Butter Enriched Marketing Drivel
09 December 2008
It’s a cold, grey morning in Warsaw. Oppressive low clouds, the gloom of early December hanging over the city, a dull succubus to the spirit of the town, the normally ebullient and gregarious Poles transformed into a scowling, misanthropic bunch...
I’m sitting at the kitchen table beside the mince pies that TPCKAM brought back from the UK yesterday evening. Her family thought she’d gone back to see them; the kids thought she was going back to buy their Christmas presents; in truth, I sent her back to stock up on mince pies.
We have here Mr Kipling’s Mince Pies and we’re going to examine the packaging. There’s no point in examining the mince pies because, well, they’re mince pies...
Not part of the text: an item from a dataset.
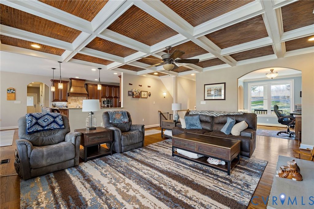 Absolutely stunning custom built Transitional style home located on a beautifully manicured 11.47 acres over-looking a lake, this property features over 4,800 square feet of quality through-out. Built by Southern Traditions and offering formal living/dining room, spacious family room, stone gas f/p, coffered ceiling, gourmet kitchen, beautiful cabinetry, granite, butlers pantry, laundry room w/slate floors, 1st floor primary suite, tray ceiling, primary bath, dual vanity sinks w/granite, ceramic floors, jetted tub, ceramic shower, 2nd floor features 3 additional bedrooms, office/study, bonus room, and 13'.6" x 14'.3" sheetrocked walk-in storage, a fully finished walk-out basement, 32' x 12'.2" recreation room, 2 c/f's, custom built-ins and an additional 18'.6" x 18'.8" primary suite, coffee bar and an amazing primary bath, double vanity, ceramic floors, "marble surround shower and a soaking tub. This home has it all:" lovely hardwood floors, engineered floors, crown molding, chair railing, picture frame, custom built-ins, custom bench in foyer, 2 covered porches w/Trex flooring, screened porch, water treatment system, deep well, whole house generator wired to panel box, gutter guards, barn built with a concrete floor in 2019 (1,536) square feet with it's own panel box and meter, green house, and so much more! Seller's are offering a cinch-HMS warranty at time of settlement.

The cover of the mince pie box is gold and red, the obvious festive colours. Green must not be in this year. The mince pies are termed, after the Mr Kipling fashion, exceedingly merry. Now the pies are just pies, they don’t have any feelings whatsoever, and if they did actually feel anything - given that they spend their life trapped in a box before briefly seeing daylight and then getting eaten - it’s a fair chance that they’re not flippin’ merry. Mr Kipling’s Exceedingly Pissed Off Mince Pies perhaps. Mr Kipling’s Crushingly Depressed Mince Pies. But you know, it’s Christmas, it’s mince pies, it’s a reasonably forgivable piece of Marketing Pish (MP).
Underneath the large 94-point font Mince Pies, (just in case you’re not sure what that mince pie-type object in the picture actually is) it states ...butter enriched fluted pastry cases. Now that, frankly, has MP coming out its arse. It’s a mince pie for goodness sake, it has pastry round it. If it didn’t, it wouldn’t be a flippin’ pie, would it? It’s different but not that far off those packets of peanuts with contains nuts written on the packet. And butter enriched? It’s a mince flippin’ pie, of course there’s butter in the pastry. On the back, where it repeats the butter enriched claim, it says butter(4%)... 4% doesn’t sound very enriched. In fact, that sounds positively deprived. TPCKAM also returned with a box of Tesco’s 12 mini mince pies. Actually they’re not very nice, they’re not even as good as Mr Kipling’s rapturously ecstatic mince pies. But they have 15% butter. So where do the Kipling guys get off with their butter enriched? MP...
In the right hand corner of the box cover there is a picture of a mince pie sitting on a table on its own. Beside it is written serving suggestion. Sure, it usually states serving suggestion beside the picture on the box. Who knows why, other than that they are assuming their customers to be incredibly stupid. In this case they have to illustrate that the mince pie is served without chips and peas.
However the peculiar thing here is that there’s a bite out of the mince pie. How stupid is that? Is that their serious serving suggestion? That you should serve it to someone with a bite taken out it? How much Christmas cheer is that going to cause?
:Here you go Aunt Agnes, have a mince pie.
:There’s a flippin’ bite out of this!
:That’s what it says on the box.
A scene that is being repeated all over Britain as we speak.
The thing is, they’re perfectly good mince pies. They don’t need all the MP. Someone, somewhere, has pressed a button, and now nothing is allowed to be put on sale without annoying MP attached to it. The only surprise here is that the Mr Kipling people haven’t described their mince pies, which are the same every year, as their best ever.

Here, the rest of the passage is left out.